Немцы на кордоне отмечали сочельник, пили шнапс, а он, 20-летний
комсомолец, вместе со своим другом Мишей Дубро впервые перешел границу,
проник в лесную белорусскую деревушку
Прошки. Прошковцы встретили настороженно. Людей
с того берега Синюхи они не знали. Когда-то с латвийской стороны пробирались
к ним шпионы и диверсанты. Пришлось сделать
второй заход. К Саше присматривались, с недоверием слушали его объяснения.
Но настойчивость, упорство, неудержимое желание латышских ребят завязать
дружбу с белорусами сломали лед недоверия. Давно, с
далеких детских лет, Саша и его друзья посматривали на другой берег Зилупе.

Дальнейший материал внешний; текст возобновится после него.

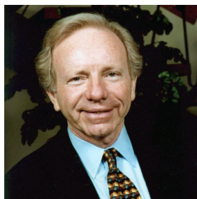
Sen. Joseph Lieberman

means of adjusting the postal workforce. It is also important to protect the Committee-adopted Moran Amendment that directs the USPS to establish fair retail service standards and prohibit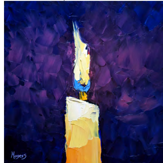
Shine - M Moyers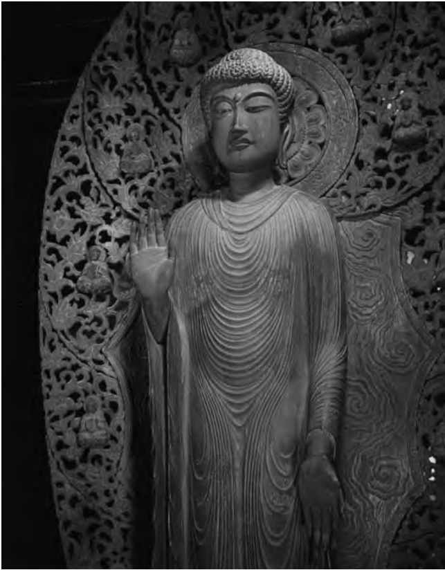
The Buddha (Śākyamuni) – secular name Gautama Siddhartha (A Seirōji-style image of Śākyamuni enshrined at Saidaiji, Nara.)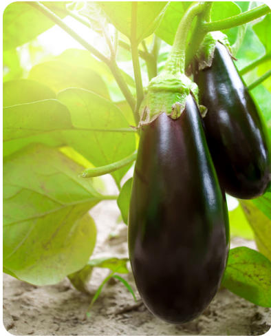
healthy aubergine plant

Plants need space to grow. If an area is overcrowded, the nutrients and water in the soil are used up. Overcrowding also blocks sunlight.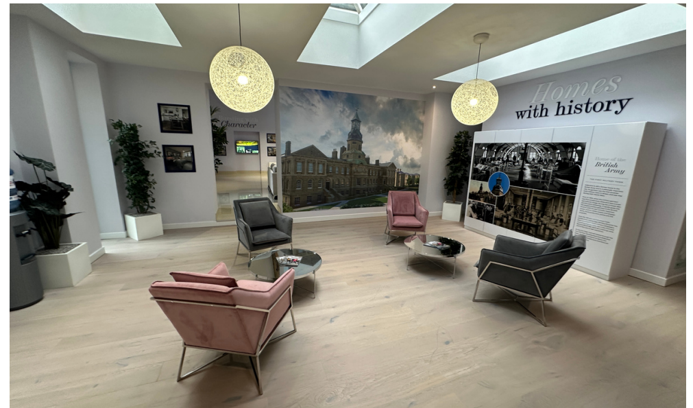
Upper ground floor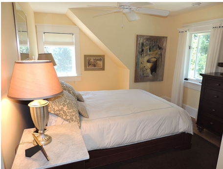
Guest Bedroom #1

Там все было иначе. Не поля, разделенные на крохотные полоски, а широкие
нивы, труд крестьян облегчали машины. И песни там были
другие. Идя на связь с белорусскими сверстниками,
латышские комсомольцы хотели перенять опыт подпольной работы. А
поучиться у соседей было чему. В деревне Прошки подпольная комсомольская
организация была создана в первые же дни оккупации, а вернее, это была та же
колхозная организация, которая начала действовать совсем в иных,
непривычных условиях. Даже секретарь остался прежний, колхозный бухгалтер
Василий Лукашонок. Эвакуировали скот и технику, строили оборонительные
сооружения, рыли противотанковые рвы, а потом, когда враг приблизился к
границе, ушли в истребительный отряд.
Комсомольцы с латышской стороны почувствовала себя увереннее рядом
с белорусскими товарищами. Хотя вначале им и нечасто приходилось быть
вместе. С трудом пробирались через кордон на тайные комсомольские собрания.

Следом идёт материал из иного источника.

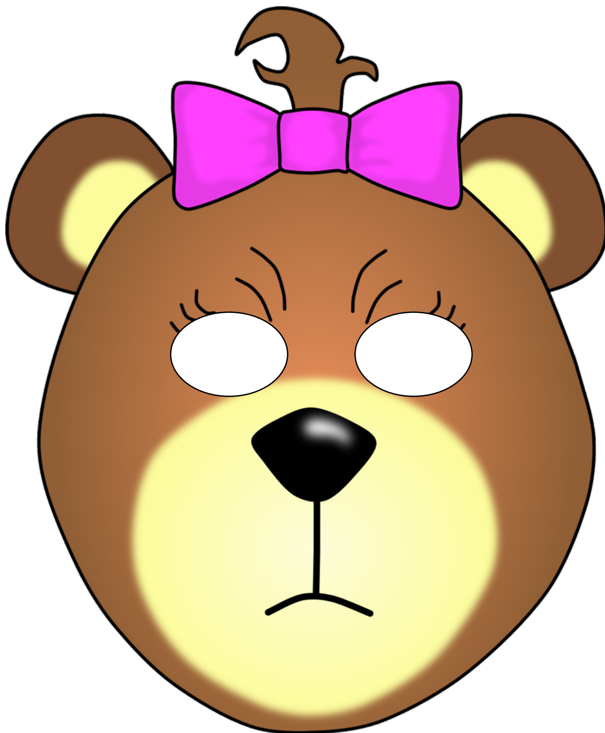
Mummy Bear cross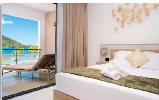
Cooks Bay Resort & Suite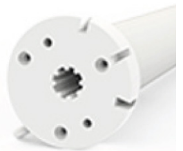
LS-100-RB (100 sq. ft.)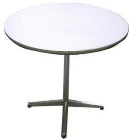
White Round Table w/ Prong Leg MT08 800D x 760H mm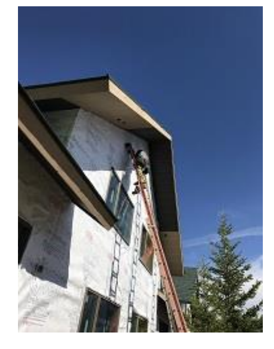
Bldg E3 Unit #26 & 27 Rear Gable Soffit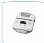
HM-E300 USB printer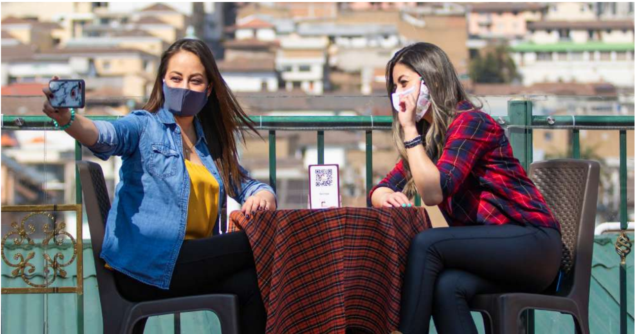
Quito, Pichincha.

Под покровом ночи переправляли на белорусский берег, в общий склад,
оружие. А что же придумать, чтобы быть рядом
постоянно? Саша Гром устраивается бригадиром корчекопов на смолокурно-
скипидарный завод и, сколотив бригаду из восемнадцати самых смелых ребят,
отправляется с ней заготавливать корчи в белорусских лесах. А на постой
бригада расположилась в Прошках. Теперь не надо было ломать голову, как
перебраться через кордон, теперь Гром стал своим человеком в прошкинской
комсомольской организации. Да только ли
комсомольцев Заборья научили прошковцы, как надо бороться с
врагом? В соседней русской деревне Рыльки
действовала еще одна комсомольская подпольная группа. Ее возглавлял
тракторист Петр Смычков. Собирали оружие. Расправлялись с предателями. Но
действия рыльковцев были стихийными, пока не связались они с
прошковцами, не объединились с ними в одну
организацию. В Ляхове, родной деревне Маши
Сосновской, подпольная группа появилась тоже не без помощи прошковских
комсомольцев. Первой ласточкой, возвестившей ляховской молодежи, что есть
люди, которые не встали на колени, была листовка, составленная в Прошках.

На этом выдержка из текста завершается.